Woops.  n is just the number of nodes.

> > +{
> > +  int *sizes, i, j;
> > +  int total_size = 0, max_size = -1;
> > +  int target_size;
> > +  const int eps = 0;
> > +
> > +  symtab_node *node;
> > +
> > +  sizes = (int *) alloca (n * sizeof (*sizes));
> > +  memset (sizes, 0, n * sizeof (*sizes));
> 
> And we avoid using alloca for arrays that can grow over stack limit.
> I assume this has the size of symbol table, which means that you want to
> use vec.h API and allocae on heap.

Okay.

> > + 
> > +  /* Compute costs.  */
> > +  i = 0;
> > +  FOR_EACH_SYMBOL (node)
> > +    {
> > +      int root = ds->find (i);
> > +
> > +      if (cgraph_node *cnode = dyn_cast<cgraph_node *> (node))
> > +	{
> > +	  ipa_size_summary *summary = ipa_size_summaries->get (cnode);
> > +	  if (summary)
> > +	    sizes[root] += summary->size;
> > +	  else
> > +	    sizes[root] += 10;
> > +	}
> > +      else
> > +	sizes[root] += 10;
> 
> Do you have testcases where summary is mising?

This may be related to an early problem.  I will just remove these and
check if i hit these again.

> > +
> > +
> > +      i++;
> > +    }
> > +
> > +  /* Compute the total size and maximum size.  */
> > +  for (i = 0; i < n; ++i)
> > +    {
> > +      total_size += sizes[i];
> > +      max_size    = MAX (max_size, sizes[i]);
> 
> Also i think we should start using 64bit values for total sizes of
> units.
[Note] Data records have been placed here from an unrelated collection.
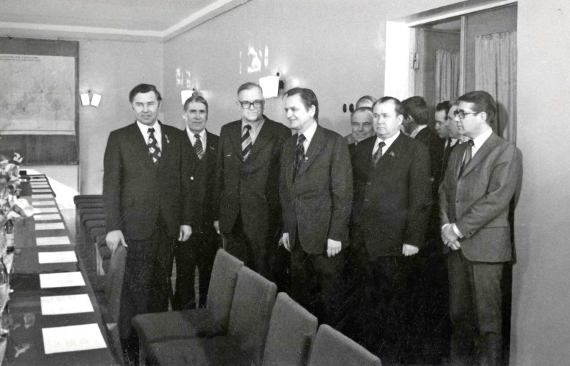 В зале приёмов Президиума СО АН СССР. Стоят слева направо: Г.И. Марчук, А.П. Филатов, В.А. Кириллин, У. Пальме, А.А. Трофимук.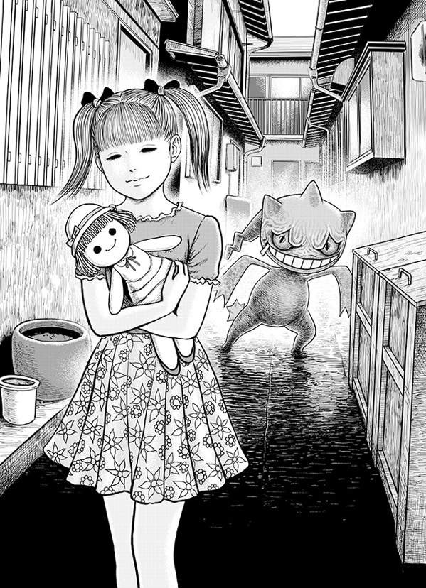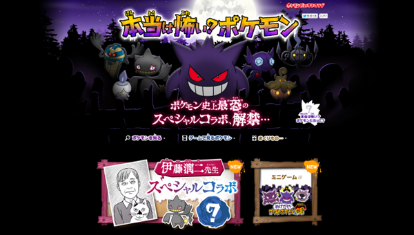 那大家知道吗?在以前万圣节的时候,《口袋妖怪》的开发商game freak也推出了一个相当“别致”的宣传活动。为了玩家展示口袋妖怪的恐怖一面,他们请来了恐怖漫画大师伊藤润二执笔,绘制周边文化衫。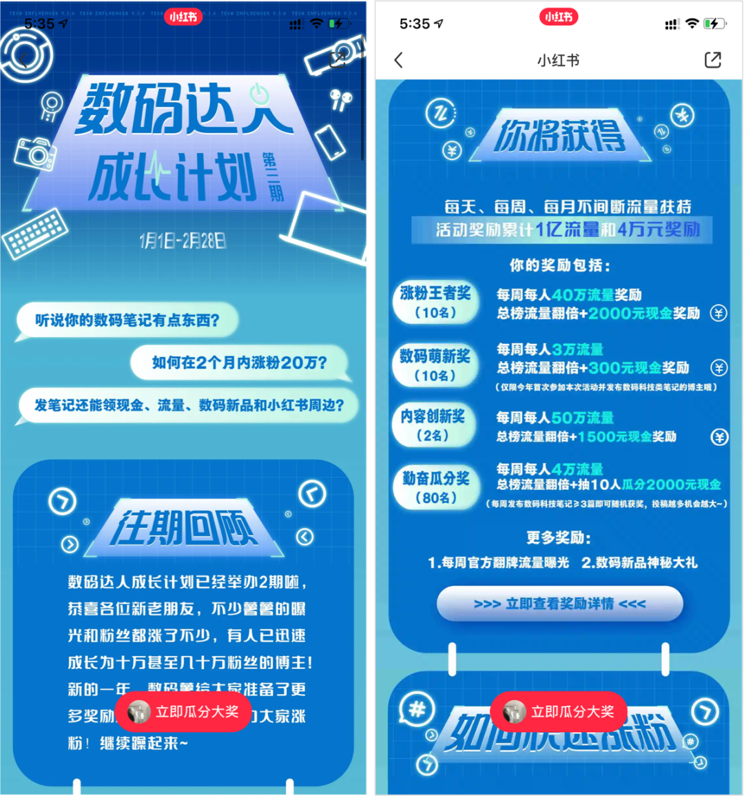 比如小紅書在做數碼類內容的時候,引入創(chuàng)作者的方式就是發(fā)起達人成長計劃的活動,通過流量激勵和現(xiàn)金激勵,激勵創(chuàng)作者們進行內容創(chuàng)作。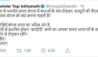 अपने अधिकारिक ट्विटर हैंडल पर ट्वीट करते हुए सीएम योगी मे लिखा, ''भाजपा से भयभीत ममता बंगाल में सभाओं के मंच तोड़कर, मजदूरों को पीटकर,रैलियां रद्द करवाकर बंगाल को क्या बनाना चाहती हैं? याद रखिये,बंगाल भारत का अभिन्न अंग है, बगदादी से प्रभावित होकर "बगदीदी" बनने का आपका सपना भारत माँ के सच्चे सपूत वोट की चोट से तोड़कर रहेंगे। जय हिंद। जय भारत।''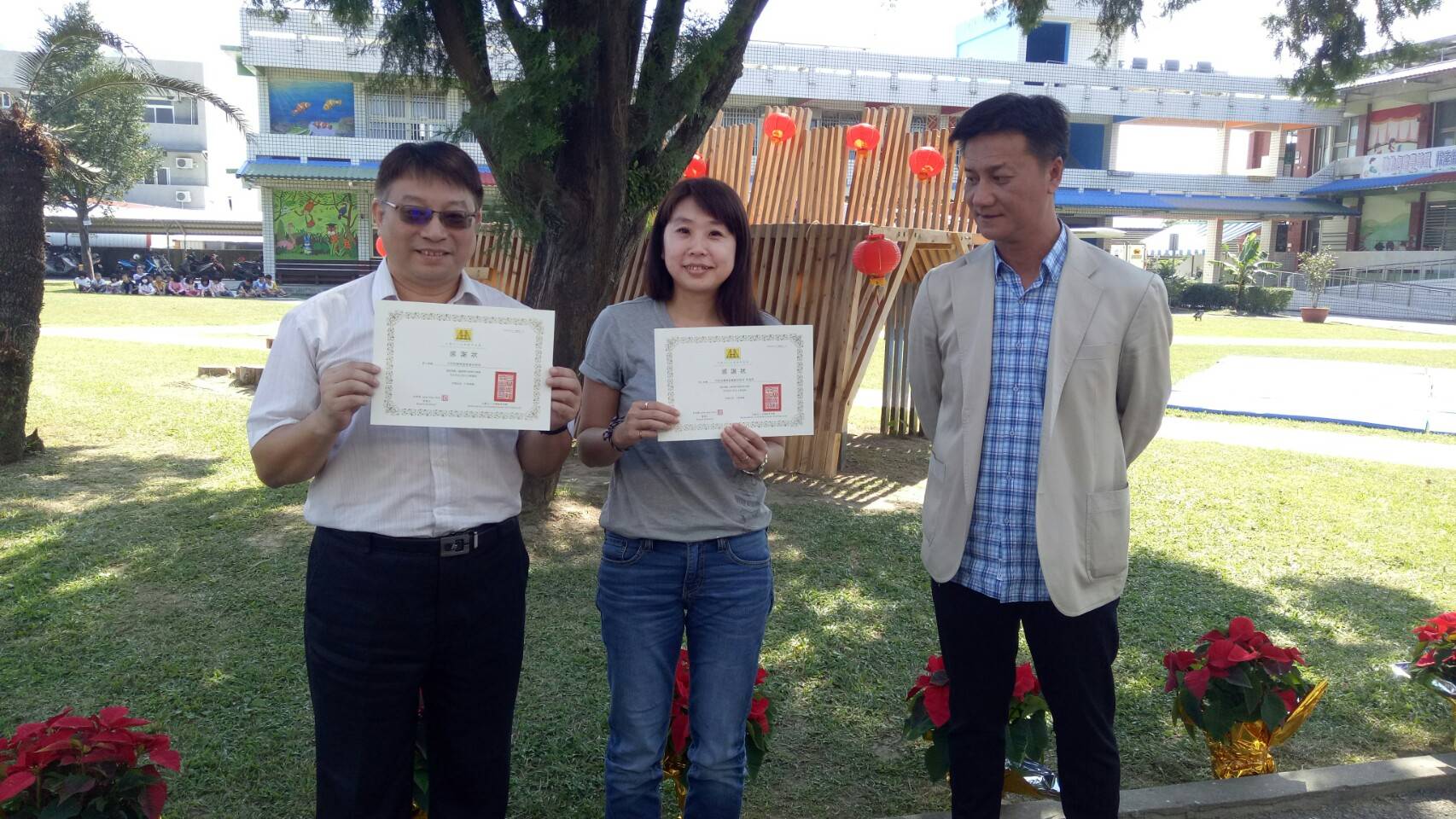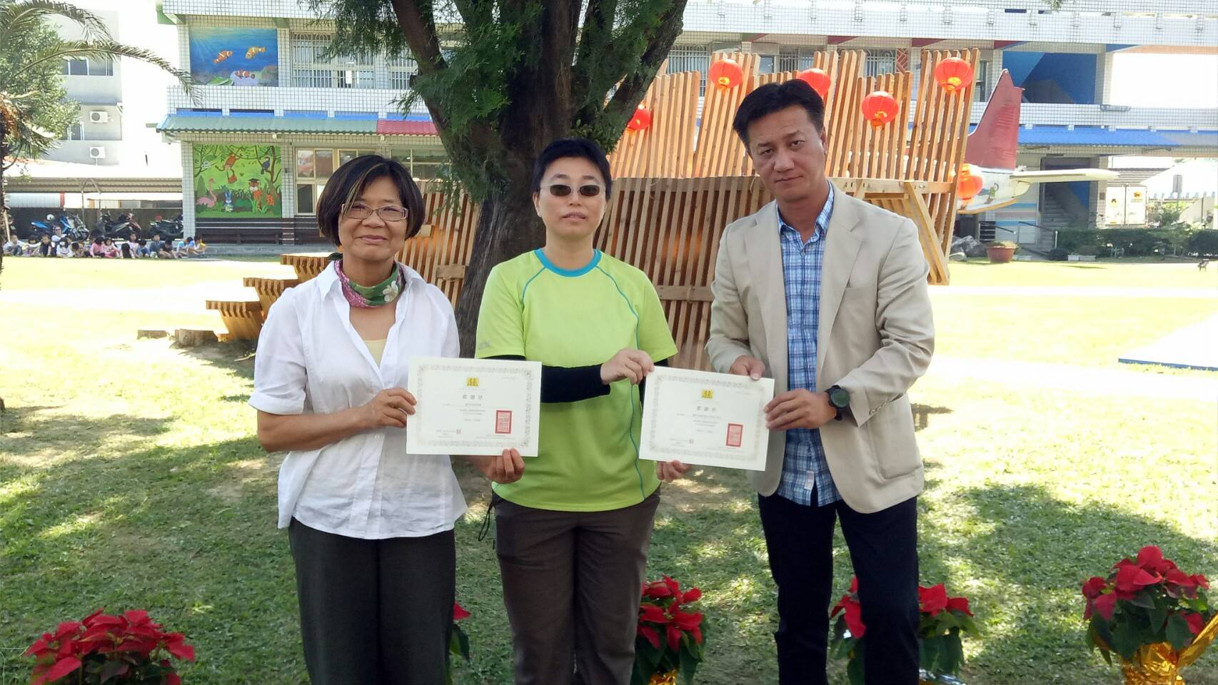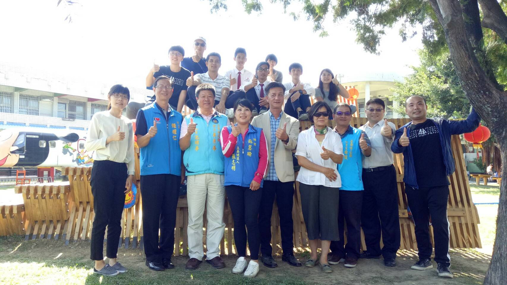 台灣義築協會與林務局、台東林管處合作於台東縣卑南國小建造了一個樹屋平台,並於今(13)日上午10時30分舉行「閱讀夢公園-國產材樹屋移交活動」,包括林務局造林生產組李建霖科長、臺東縣政府鍾耀仁秘書、縣議會、市公所及公東高工都派代表出席。活動在卑南國小管樂隊及柔道隊的表演下熱鬧開場,並由與會貴賓一起將孩童們手繪的香杉木板掛在平台上,象徵閱讀夢公園正式啟用。 為了推廣國產材應用的多元化,林務局補助台灣義築協會辦理「國產木竹材運用於人道建築之案例研究與推廣」計畫,嘗試用行動參與方式,將將國產材應用在建築上。在台東縣卑南國小、公東高工的協助下,建築師們化身行動魔法師,走進卑南國小和一群熱愛打棒球的小朋友,一起動手改造閱讀環境。選在校園廣場中的台灣肖楠大樹下規劃一處木構平台,校方將它命名為「卑南閱讀夢公園」,希望緊鄰大樹旁的木構平台可以成為孩子們閱讀、活動及休憩的夢想空間,讓孩子在親近樹木之餘,也能輕鬆閱讀、放鬆身心。 台東林管處劉瓊蓮處長代表林務局出席時表示感謝台灣義築協會的建築師們,願意下鄉服務,也感謝公東高工木工科學生及卑南國小的孩子們一起築夢、成就這件美好的事。今年國小的少棒選手們甫獲得世界少棒冠軍,隨著木構平台空間的啟用,閱讀夢公園更加充實,走進校園內,除了棒球場外,還有這個平台讓孩子可以休憩、閱讀、交流與分享。感謝過程中一起逐/築夢、參與的每一位夥伴,也歡迎社區部落的朋友們一起進入閱讀夢公園,分享生活故事。

In some extreme cases they already get close to overflow.

Okay :)

> > +    }
> > +
> > +  /* Quick return if total size is small.  */
> > +  if (total_size < param_min_partition_size)
> > +    return false;
> > +
> > +  target_size = total_size / (jobs + 1);
> > +
> > +  /* Unite small partitions.  */
> > +  for (i = 0, j = 0; j < n; ++j)
> > +    {
> > +      if (sizes[j] == 0)
> > +	continue;
> > +
> > +      if (i == -1)
> > +	i = j;
> > +      else
> > +	{
> > +	  if (sizes[i] + sizes[j] < target_size + eps)
> > +	    {
> > +	      ds->unite (i, j);
> > +	      sizes[i] += sizes[j];
> > +	      sizes[j] = 0;
> > +	    }
> > +	  else
> > +	      i = j;
> > +	}
> > +    }
> > +  return true;
> 
> Note that partitioning is not free, since reference to static var or a
> call from one partition to another will lead to more expensive
> relocations/instructions to be used (since gas will not be able to relax
> it to IP relative addressing where available).
> 
> For that reason LTO partitioner has the logic tracking boundary and
> minimizing it.  I think we should merge them and also cleanup
> lto/lto-partition.c - the partitioner was one late night experiment that
> I intended as a first proof of concept to be rewritten later, but we
> never got into impementing anything much smarter. On the other hand we
> added a lot of extra hacks to it (order preserving and other things), so
> it deserves some TLC.

You mean the balanced_map or the add_node_to_partition?

> 
> Also I think you unite partitions in the FOR_EACH_* order that is not
> really meaningful, the code layout is controlled by node->order values.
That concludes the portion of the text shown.